— Интересно знать чем, — буркнул Итан.

— Разве у Зены узнаешь? — печально отозвалась Мэтти.

Впервые они заговорили так открыто об отношении Зены к Мэтти, и имя хозяйки дома, дважды прозвучавшее вслух, словно эхом отозвалось в дальних углах кухни и возвратилось назад, многократно повторенное и усиленное. Мэтти помолчала, как бы выжидая, пока стихнут его последние отголоски, и спросила опять:

— А тебе она ничего не говорила?
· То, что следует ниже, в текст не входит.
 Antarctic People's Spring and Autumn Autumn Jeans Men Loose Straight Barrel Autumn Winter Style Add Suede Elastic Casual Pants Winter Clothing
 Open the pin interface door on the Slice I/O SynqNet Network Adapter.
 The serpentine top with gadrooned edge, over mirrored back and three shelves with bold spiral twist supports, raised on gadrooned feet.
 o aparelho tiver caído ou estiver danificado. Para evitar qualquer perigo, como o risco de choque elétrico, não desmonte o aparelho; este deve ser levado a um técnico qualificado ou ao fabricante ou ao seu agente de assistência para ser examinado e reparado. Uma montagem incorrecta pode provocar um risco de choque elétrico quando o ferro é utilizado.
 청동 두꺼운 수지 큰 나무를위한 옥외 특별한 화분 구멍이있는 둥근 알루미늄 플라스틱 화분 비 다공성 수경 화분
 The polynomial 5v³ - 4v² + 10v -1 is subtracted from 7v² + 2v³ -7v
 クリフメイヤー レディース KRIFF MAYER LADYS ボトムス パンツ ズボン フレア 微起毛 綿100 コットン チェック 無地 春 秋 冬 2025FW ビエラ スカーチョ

Он покачал головой.

— Ни слова не говорила.

Мэтти засмеялась и тряхнула головой, откидывая волосы со лба:

— У меня, наверно, просто нервы. Не буду больше об этом думать.
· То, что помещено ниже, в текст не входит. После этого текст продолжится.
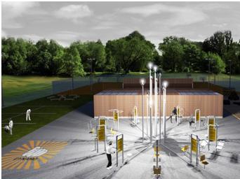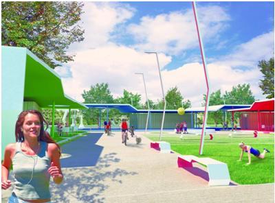 W projekcie dużo uwagi poświęcono aspektom społecznym, przeanalizowane zostały potrzeby i oczekiwania różnych użytkowników zespołów sportowo-rekreacyjnych. Interesująca jest propozycja centralnego placu - miejsca spotkań i integracji. Plac został "obudowany" modułowymi kontenerami połączonymi falującym dachem. Atrakcyjne zadaszenia oraz wprowadzenie programu gastronomicznego pozwoliły wytworzyć przestrzeń publiczną.
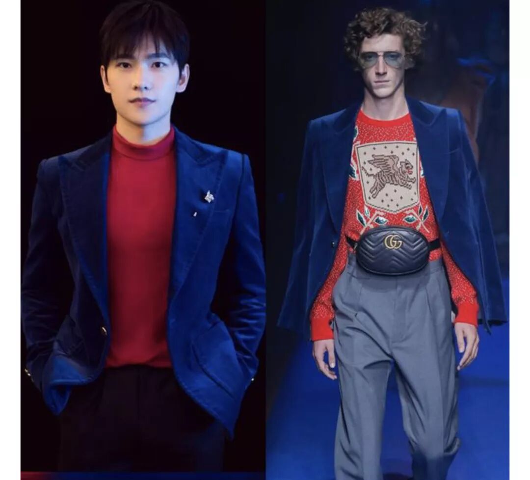 郑恺的西装套装,张艺兴的红色格纹西装,都是Gucci的:
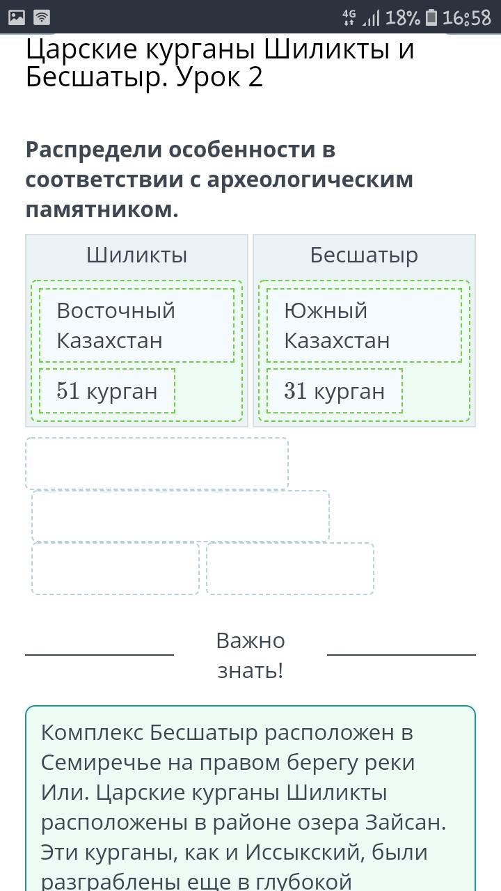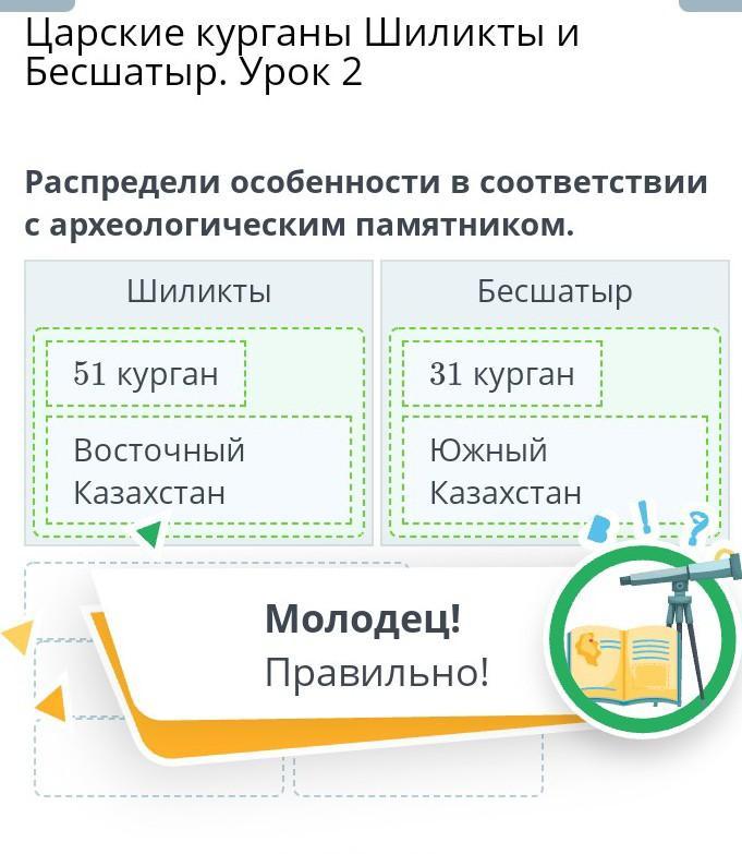 Царские курганы Шиликты и Бесшатыр. Урок 2 Распредели особенности в соответствии с археологическим памятником. Шиликты Бесшатыр
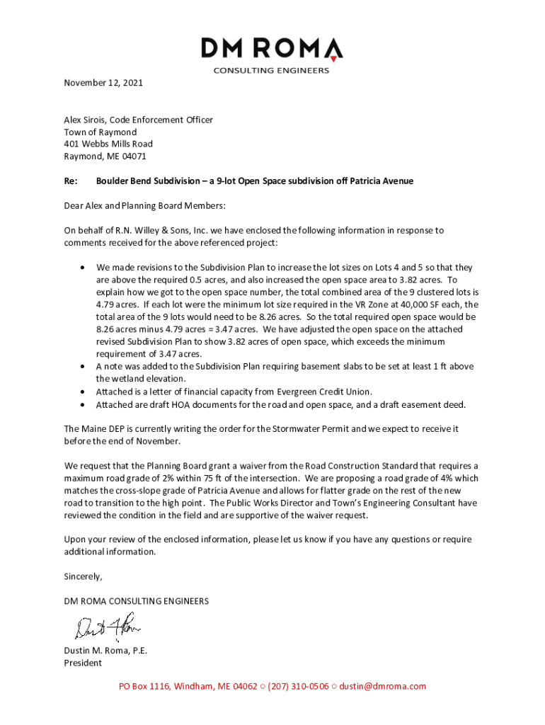 Re:Boulder Bend Subdivision a 9lot Open Space subdivision off Patricia AvenueDear Alex
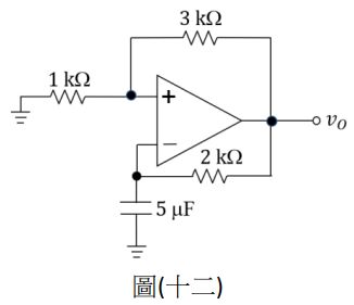 18. 如圖(十二)所示之理想運算放大器(OPA)電路,假設 OPA 之飽和輸出電壓為12 V, 則此電路之vO由正飽和輸出變成負飽和輸出之轉態電壓為何?
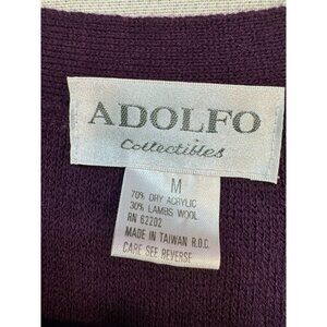 This elegantly designed cardigan from Adolfo Collectibles combines comfort with style. Crafted from a blend of wool and acrylic, it features intricate embroidery and wooden button closure. Its purple hue adds a refined touch to any ensemble.
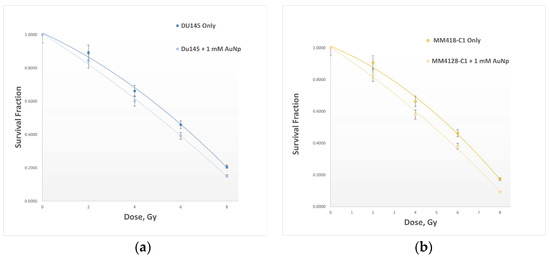 Cell survival curves quantifying the net 6-megavolt radiation dose enhancement caused by the impact of AuNPs on two cancer cell lines: (a) DU145, and (b) MM418-C1, both with and without AuNPs. Data are represented as mean values ± SD of three replicate samples.
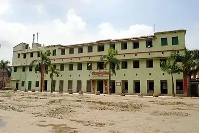 There is a rectangular playground at the centre of the school. North and west side of the playground is adjacent to two three-storied buildings lying perpendicular to each other. One is the main building, constructed in 1952 and the other building was built in the 1990s. At the south end of the ground there is a school auditorium named ‘Surendra Mancha’, which was built in 1981. There is also a primary section of this school named Bharadwaj Shikshasram (Bengali: ভরদ্বাজ শিক্ষাশ্রম).
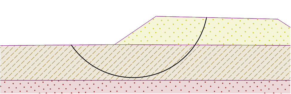 Приняв к расчету насыпи на двухслойном основании, представленном сверху грунтом ИГЭ6б, а снизу грунтом ИГЭ3 (рис. 1), соответствующие характеристики плотности (удельного веса), трения и сцепления, а также модуля деформации, проектировщик-расчетчик выполняет расчеты устойчивости и осадки.
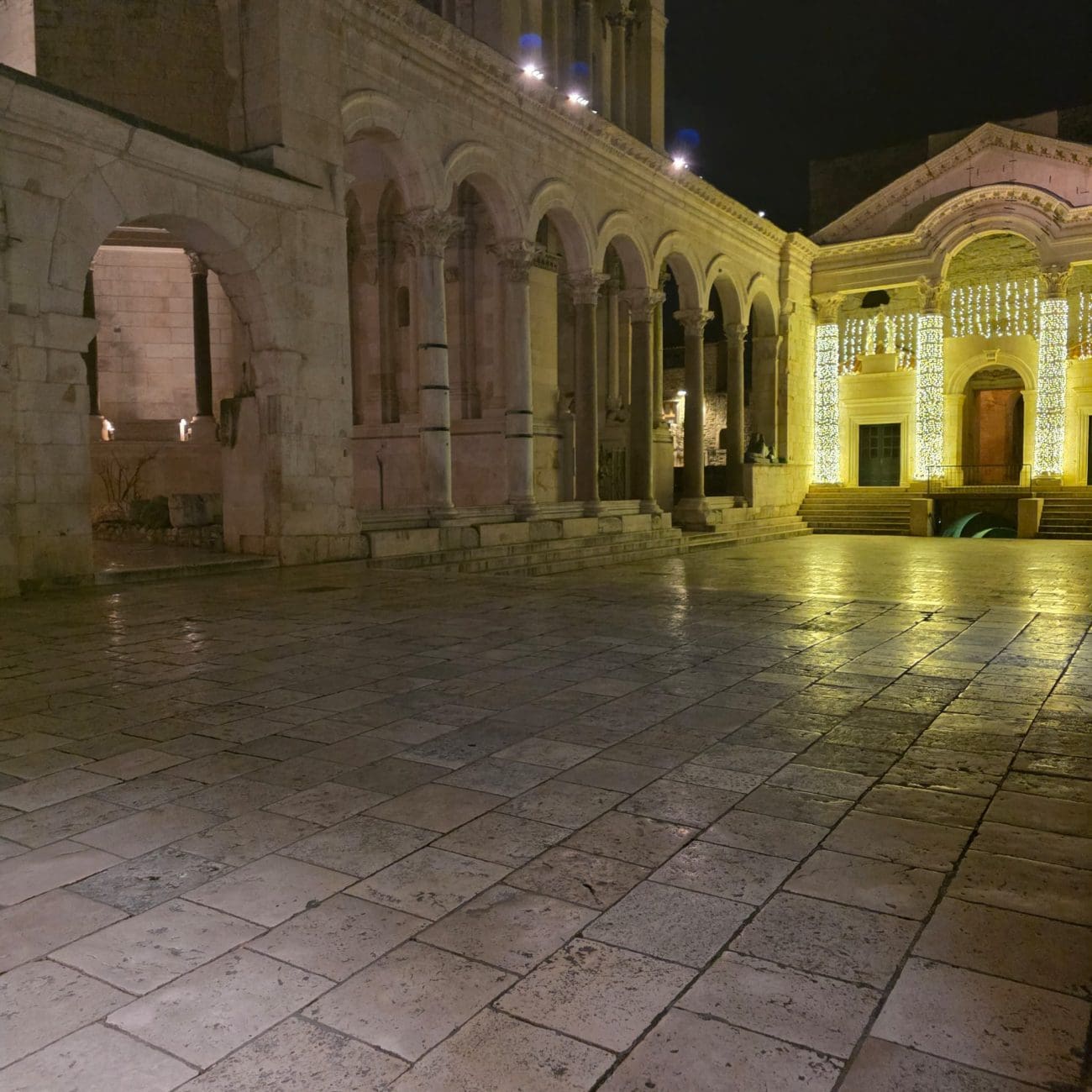 Bez gužvi i buke, centar Splita otkriva svoju drugu, smireniju stranu. Dioklecijanova palača i okolne ulice djeluju monumentalnije nego ikad, dok tišina večeri daje prostoru posebnu, gotovo filmsku atmosferu. Zimske večeri vraćaju gradu sporiji ritam, u kojem se svaki detalj – fasade, svjetla i prazni prolazi – doživljava intenzivnije.

— Правда, Мэтт, правда — не надо об этом думать!

Страстная мольба в его голосе заставила девушку снова покраснеть — но на этот раз ее щеки не вспыхнули, а медленно и нежно зарделись, как бы отражая ход ее сокровенных мыслей. Она молча сидела с шитьем в руках, и ему вдруг почудилось, что по лежащему между ними куску материи струится ему навстречу какое-то странное тепло. Не отрывая ладони от стола, он потихоньку подобрался к краешку ткани и дотронулся до нее кончиками пальцев. Ресницы девушки слегка дрогнули, давая ему знать, что этот жест не остался незамеченным. Теперь поток тепла заструился в обратном направлении; видимо, Мэтти тоже это почувствовала, потому что перестала шить и сидела совсем неподвижно, уронив на стол руки.

Внезапно Итан услышал за собой какой-то шум и обернулся. Должно быть, кошка почуяла за стенкой мышь — она спрыгнула с Зениной качалки и бросилась в угол, и от этого резкого движения пустое кресло начало раскачиваться взад и вперед, словно в нем сидел кто-то невидимый.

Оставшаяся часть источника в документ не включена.